Saudi crown prince would be 'guilty of Khashoggi murder' if tried in court: Corker

Saudi Arabia's Crown Prince Mohammed bin Salman would be found guilty of Khashoggi's murder if tried in court, Senator Bob Corker has said.
3 min read
05 December, 2018
Bob Corker has lashed out at MbS [Getty]

 

Two senior US Senators have said there is no chance that Saudi Crown Prince Mohammed bin Salman was not involved in the murder of journalist Jamal Khashoggi.

"I have zero question in my mind that the crown prince directed the murder and was kept appraised of the situation all the way through it," Senate Foreign Relations Committee Chairman Bob Corker said.

He made the comment after CIA director Gina Haspel briefed a small group of senators on the killing of Jamal Khashoggi, who was murdered at the Saudi consulate in Istanbul on 2 October.

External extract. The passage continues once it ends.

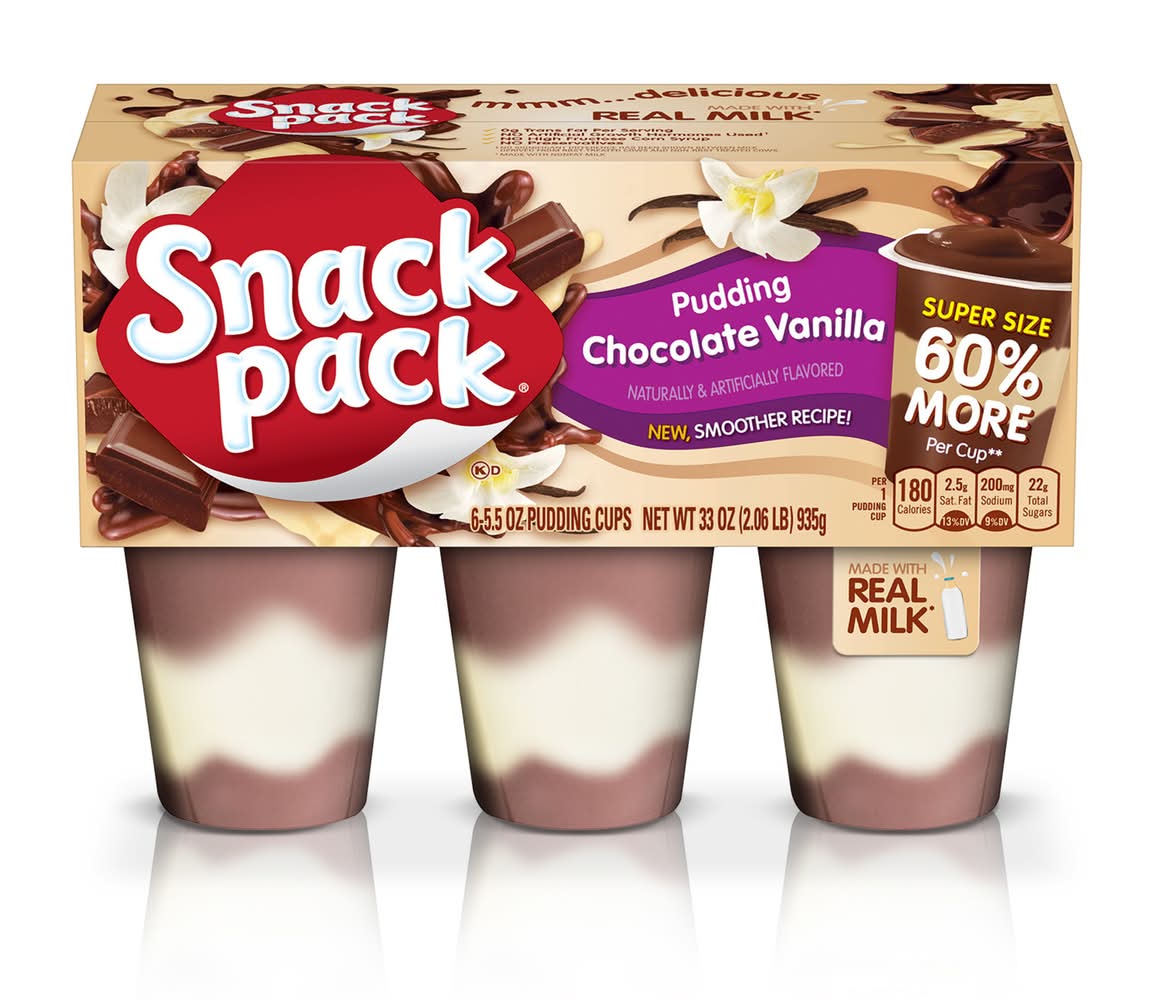 Delight in a quick and tasty treat any time of day with Snack Pack Super Size Chocolate Vanilla Pudding Cups. These pudding snacks offer a classic chocolate and vanilla flavor with creaminess that everyone is sure to love. These vanilla chocolate pudding cups are made with real nonfat milk and no preservatives or high fructose corn syrup. Each super-size pudding cup has 60% more pudding per cup than regular-sized Snack Pack pudding cups and does not need to be refrigerated, making this a reliable treat that is easy to pack up and take with you to work for office snacks, in your kids’ lunch boxes for school snacks or anywhere for easy snacks and sweet treats. These Snack Pack pudding cups also make easy after-dinner sweet treats or desserts for the entire family. If you want to add some extra excitement to these pudding cups, try topping them with whipped cream and sprinkles, fruit or cookie crumbles for a creative and easy dessert. Enjoy the fun with Snack Pack! • Flavor: Chocolate - vanilla • Size: 5.5 OZ • Conagra Brands, P.O. Box 3534,Chicago,IL,60654

"If MBS were in front of a jury, he'd be convicted in less than 30 minutes."

Senator Lindsey Graham, another Republican has also turned on the Riyadh regime following the murder, and said the US should "sanction the hell out of it".

Prince Mohammed is "crazy" and "a wrecking ball" who is "complicit in the murder of Mr Khashoggi to the highest level possible", he said on Tuesday.

"There's not a smoking gun but a smoking saw," he said, referring to the instrument believed to have been used to dismember the journalist's body.

It was also a reference to Defence Secretary Jim Mattis' comments that there was "no smoking gun" implicating the crown prince to Khashoggi's murder.

Critics of US President Donald Trump have said that he has sought to shield Prince Mohammed from criticism and ignore evidence from the country's leading spy agency.

Among the details to emerge from a CIA report allegedly linking Prince Mohammed to the murder of Khashoggi was a number of messages sent to key royal court aide Saud al-Qahtani, on the day the journalist disappeared.

Qahtani has since been sacked and implicated in the Khashoggi case since, as Riyadh seeks to shelter the crown prince from the storm.


Graham said "the brutality of this murder is beyond my sharing it with you".

"If the Saudi government is going to be in the hands of this man for a long time to come, I find it very difficult to be able to do business, because I think he's crazy, I think he is dangerous and he has put the relationship at risk."

He also rejected the views of the Trump administration that there was no evidence directly linking the crown prince to the murder.

"You have to be wilfully blind not to come to the conclusion that this was orchestrated and organized by people under command of MBS, and that he was intricately involved in the demise of Mr Khashoggi," the senator said.

Democrats have also called for the crown prince to be sanctioned.

"I am now more convinced than I was before - and I was pretty convinced - that in fact the United States must have a strong response to both the war in Yemen as well as the killing of the United States permanent resident and journalist Jamal Khashoggi," Senate Democrat Bob Menendez said.